Je suis avec un grand intérêt la discussion qui s'est engagée il y a quelques jours sur le blog de Daniel Bourrion à propos de bibliothécaires "1.0", "2.0" (et plus si affinités). Et je me demande pourquoi il est si difficile de bloguer sous sa véritable identité - ceci dit, je me souviens de mes débuts de blogueuse il y a quelques mois, où je n'arrivais même pas à écrire "je". Je me demande pourquoi les biblioblogueuses qui s'aventurent dans une réflexion sur leur métier (lorsqu'elles osent aller jusque là), qui ont envie de s'exprimer sur leur travail, sur ce qui leur pose problème, ce qui marche bien, ce qui pourrait aller mieux, ne veulent ou ne peuvent pas le faire ouvertement. Je dis biblioblogueuses, car nos collègues hommes semblent avoir plus de latitude (ou plus d'audace) pour poster en leur nom propre, alors que pour une femme cela relève vraiment de la transgression : "pour qui elle se prend, celle-là ?"

En tant que fonctionnaires, nous avons, certes, un devoir de réserve. Toutefois, nous ne travaillons pas pour la Grande Muette et n'avons donc aucune obligation de secret. Il est donc probable que je me dé-pseudonymise sous peu.

dimanche 14 septembre 2008

Carnet de terrain

Après un été de flottement et d'expérimentations diverses, la lecture de plusieurs billets de biblioblogueurs m'a confirmée dans le désir de tenir régulièrement un carnet consacré à mon métier de bibliothécaire "de terrain". Pour moi, Le Bibwebzine reprend donc du service sous cette forme-là. Désormais, plus de blog privessionnel, mais un blog professionnel (sous pseudonyme et sans citer le nom de la collectivité qui m'emploie - bonjour le numéro d'équilibriste !) ET un blog personnel pour le reste (sous un autre pseudo). J'évite d'ailleurs habituellement, autant que faire se peut, de mélanger ma vie privée et ma vie au travail.

J'aimerais que ce blog garde la dimension collective qu'il avait au départ - je ne sais d'ailleurs pas pourquoi Gaucelm et les autres n'ont rien écrit pendant mon absence. Je reste persuadée de la nécessité de porter, à plusieurs, divers points de vue individuels sur le réel, d'éclairer toutes ses facettes, et surtout de travailler ensemble au-delà des particularités statutaires et des distances géographiques.
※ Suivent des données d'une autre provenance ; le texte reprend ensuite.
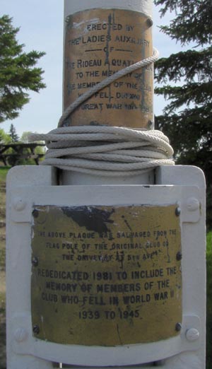 Érigé à l’origine par les Dames auxiliaires du Rideau Canoe Club à une date inconnue, ce monument commémoratif est dédié à la mémoire des membres du Rideau Aquatic Club morts pendant la Première Guerre mondiale. En 1981, il a été dédié de nouveau en vue d’inclure les membres du club morts pendant la Seconde Guerre mondiale.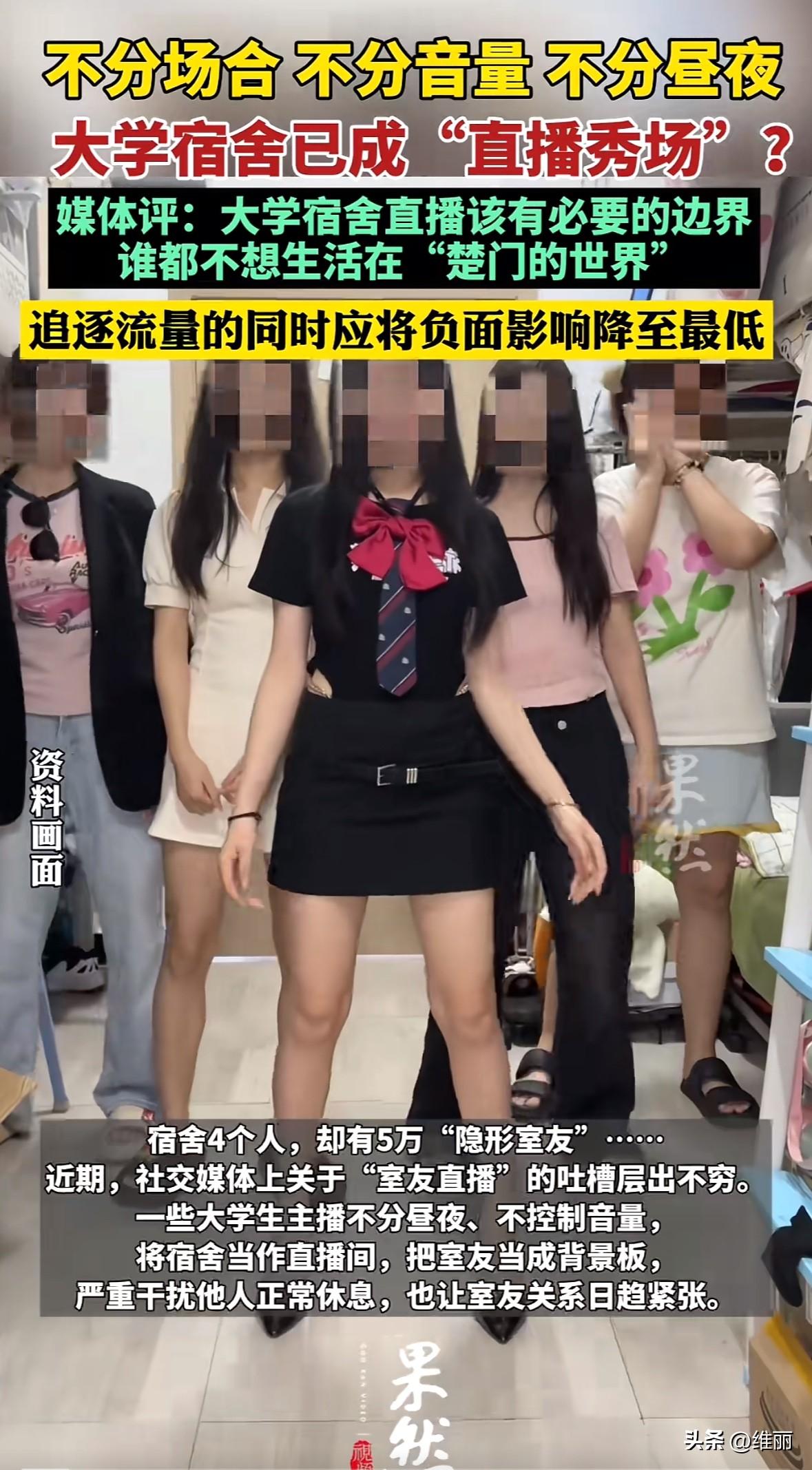 开学季以来,大学宿舍直播乱象引发不少吐槽。有的学生不分昼夜直播,音量外放吵得室友没法休息,舍友关系闹得很僵。更过分的是镜头没边界,室友换衣服、床铺私物随意被拍进直播,隐私全泄露了。还有人为博流量搞擦边,让宿舍成了秀场。 这事儿根源挺多,学生想被认可、羡慕主播赚钱,MCN机构也在背后推波助澜。关键是多数高校没明确规定,直播成了管理灰色地带。 其实直播没问题,但得有规矩。个人自由不能牺牲别人权益,开播前得跟室友沟通好,镜头绝对不能拍隐私。学校该赶紧补上台规,平台也别再给这类内容流量。毕竟上大学首要任务是学习,为直播丢了学业、伤了关系太不值。

Il reste ouvert à d'autres contributeurs éventuels - je pense en particulier à des bibliothécaires qui n'ont pas encore leur propre blog mais qui voudraient faire leurs premiers pas. Si vous voulez devenir auteur ici, il vous suffit de m'écrire.
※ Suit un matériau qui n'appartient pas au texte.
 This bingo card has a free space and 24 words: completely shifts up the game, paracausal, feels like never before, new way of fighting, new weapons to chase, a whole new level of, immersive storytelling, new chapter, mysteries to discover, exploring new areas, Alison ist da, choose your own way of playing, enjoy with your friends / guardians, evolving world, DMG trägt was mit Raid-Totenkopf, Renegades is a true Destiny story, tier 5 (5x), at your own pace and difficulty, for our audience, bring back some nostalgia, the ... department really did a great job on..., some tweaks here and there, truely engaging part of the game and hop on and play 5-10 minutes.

Parlant de "l'art de chercher", Bertrand Callenge écrit dans un billet récent (Métier d'arts) une phrase qui me semble décrire au mieux le coeur de ce qui rend nos questionnements stimulants. Cette phrase, je la fais mienne : "
A une question donnée s'impose désormais une sorte d'errance intuitive, d'autant plus efficace qu'elle se renouvelle constamment". Je ne vais pas disserter, mais je laisse mijoter lentement. Ecrire, c'est mettre en ordre, donner forme, débrouillonner ce qui est confus, retrouver son chemin après s'être attardé et égaré en route. J'en ai besoin et le blog, par sa souplesse et sa facilité d'utilisation, est pour moi un support idéal.
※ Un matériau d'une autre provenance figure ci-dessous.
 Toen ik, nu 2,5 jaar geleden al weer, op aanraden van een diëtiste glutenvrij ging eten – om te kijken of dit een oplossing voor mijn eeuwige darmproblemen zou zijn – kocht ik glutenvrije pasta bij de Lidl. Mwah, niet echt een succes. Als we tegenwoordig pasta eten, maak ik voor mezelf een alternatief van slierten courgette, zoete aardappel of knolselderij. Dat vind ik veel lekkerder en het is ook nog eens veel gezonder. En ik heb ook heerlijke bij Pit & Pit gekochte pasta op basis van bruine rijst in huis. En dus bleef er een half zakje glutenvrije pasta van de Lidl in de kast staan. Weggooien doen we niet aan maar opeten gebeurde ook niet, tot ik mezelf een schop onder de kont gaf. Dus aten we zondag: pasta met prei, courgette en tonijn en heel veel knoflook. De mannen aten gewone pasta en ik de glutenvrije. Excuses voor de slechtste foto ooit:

Reste la question des commentaires : ils font partie intégrante de la vie d'un blog, apportent des éclairages, des enrichissements, et sont donc les bienvenus. Pas question en revanche d'accepter ici les considérations lourdingues de trolls baveurs (ils peuvent amuser certains, mais pas moi) ; pas place non plus pour des propos racistes ou misogynes, ni pour des insultes ou des attaques personnelles. Qu'on se le dise.